Ничего удивительного, что, несмотря на всю усталость, на жжение и зуд в натертых седлом местах, на желание бросить этот чудовищный велосипед и перевести дух — несмотря на все это, услышав за спиной лай и вой своры гончих, явно направлявшихся в его сторону, Тоуд ощутил некоторый прилив сил, особенно в измученных тяжелыми педалями лапах. Вскоре этот прилив сменился настоящим воодушевлением: лай не только приближался, но и становился все более зловещим.
Словно поршни мощного мотора, уперлись лапы Тоуда в педали, и медленное, неуклюжее передвижение превратилось в стремительную, даже в чем-то изящную гонку, ускорение которой придавала наиболее эффективная комбинация внешних условий: страх в сердце Тоуда сменился паническим ужасом, беспокойство за свою судьбу — твердым намерением любой ценой спасти свою жизнь, избежать встречи с жаждущими крови беспощадными чудовищами, пущенными по его следу.
В довершение кошмара к собачьему вою добавились зловещие, наводящие ужас сигналы охотничьего рога, топот конских копыт, восторженные, все приближающиеся крики охотников и веселые, возбужденные скачкой женские голоса. Финал приближался неумолимо: вот за спиной Тоуда, достаточно близко, чтобы он мог не только видеть, но и слышать, на дорогу выскочило несколько гончих из своры лорда. От дробного звука их мягких лап, от тяжелого дыхания их пастей Тоуда забила мелкая дрожь.
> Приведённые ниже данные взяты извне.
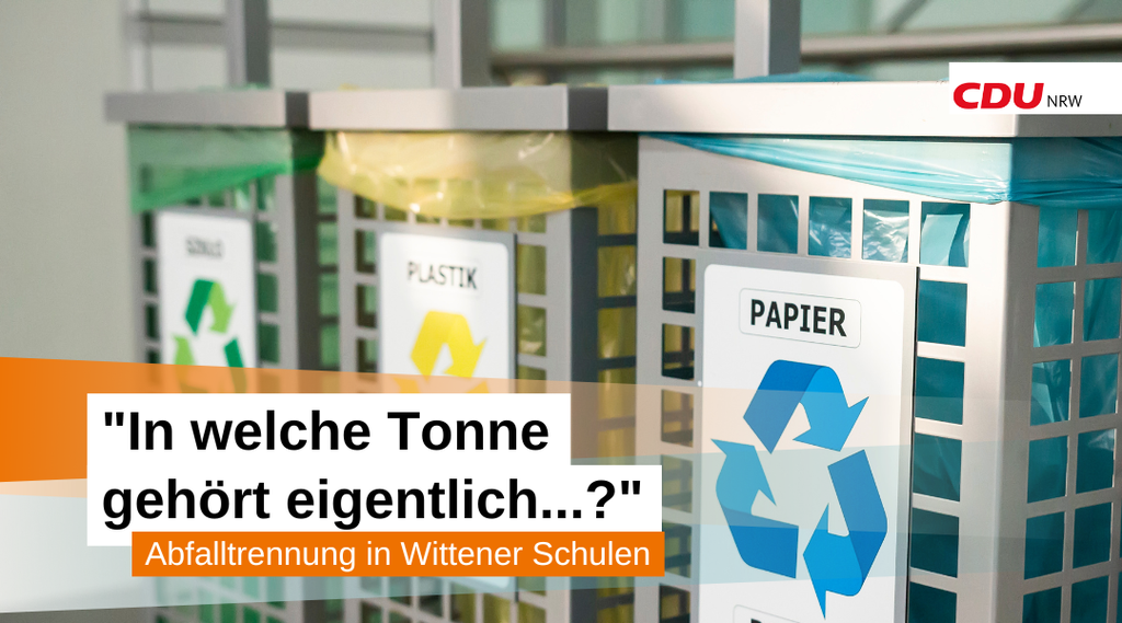 Im letzten Jahr verabschiedete der Rat eine Nachhaltigkeitsstrategie, dessen unabdingbarer Maßnahmenbestandteil es ist, das Bewusstsein für das Wertstoffpotential von Abfällen zu sensibilisieren und zu schärfen. Hier sieht die Wittener CDU-Fraktion einen Ansatzpunkt und beauftragt die Stadtverwaltung, ein funktionierendes und schülergerechtes Abfalltrennsystem in ihren Schulen einzuführen. Andere Städte, wie beispielsweise Ennepetal, gehen hier bereits mit gutem Beispiel voran.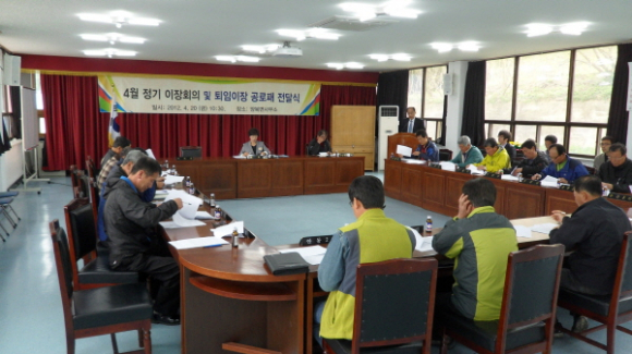양북면은 지난 4월20일, 이장 전원이 참석한 가운데 정기 이장회의를 열어 전년도 퇴임 이장 8명과 시정유공자들에게 공로패를 전달하고 올해 첫 당면업무 공지를 했다.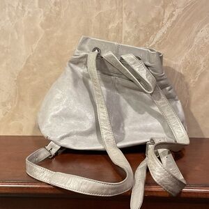 Chic silver light gray backpack with drawstring closure. Sleek and versatile design. Ideal for everyday use. It is by Hobo. The measurements are: 10 inches tall, approximately 11 inches wide and 4 inches deep. The inside has one zippered compartment and three pocket compartments. The inside is in good condition.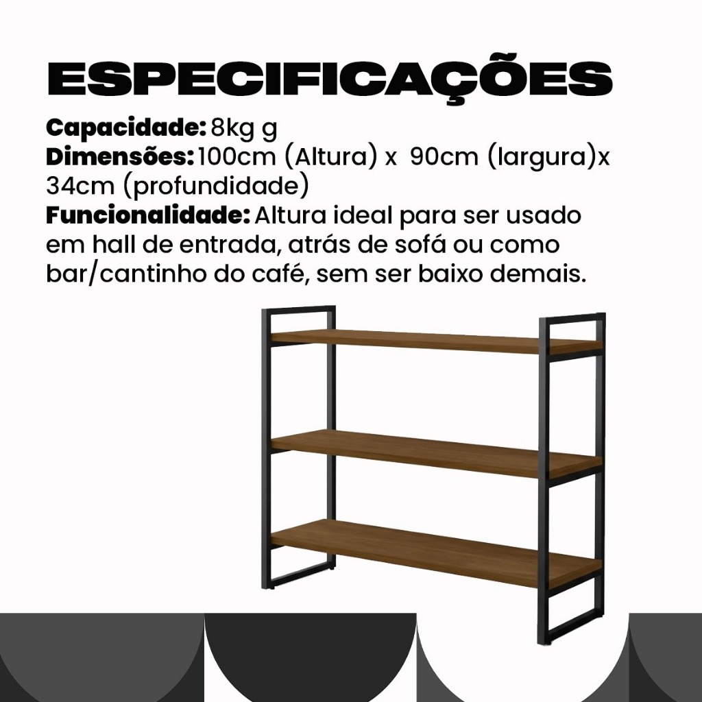 Aparador com 3 prateleiras estilo industrial decorativo, ideal para qualquer ambiente, deixando o espaço mais moderno e prático. Produto em aço carbono com pintura em pó e tampos em MDF com pintura UV. O estilo industrial remete aos típicos lofts de Nova York da década de 70, que aproveitavam a estrutura de antigas fábricas e galpões abandonados. A casa com decoração estilo industrial traz um pouco do charme urbano sem perder a elegância. Possui características que se conectam com a juventude e com a movimentação das cidades. É o Estilo que vem crescendo cada vez mais nos dias de hoje, nos dando a opção de fazer vários estilos e um único ambiente. Características: Nosso móvel é feito de Aço Carbono com pintura em pó. Contém pés niveladores Acabamento em ângulo na estrutura metálica Material tem acabamento impecável e cumpre com que promete. Contém 3 prateleiras com material de MDF de 15mm, com bordas acabadas de PVC na cor Imbuia. Peso suportado: até 8 kg por prateleira Dimensões: Altura: 100 cm Largura: 90 cm Profundidade: 34 cm Peso: 15 kg Garantia do Fornecedor: 3 Meses Observações: O material acompanha kit de parafusos e Manual de Montagem . É necessário que se tenha uma parafusadeira para obter melhor montagem.

В довершение всего судьба отобрала у него последнее преимущество: усадьба лорда стояла на невысоком холме и до сих пор дорога от него шла чуть под уклон, что позволило Тоуду довольно легко набрать скорость и быстро катиться вниз. Теперь же уклон кончился, крутить педали стало заметно труднее, дала знать усталость, что еще больше снизило скорость, и вот Тоуд вполне отчетливо представил себе, как где-то здесь, на этой пустынной зимней дороге, он и встретит свой конец — жалкий и ничтожный.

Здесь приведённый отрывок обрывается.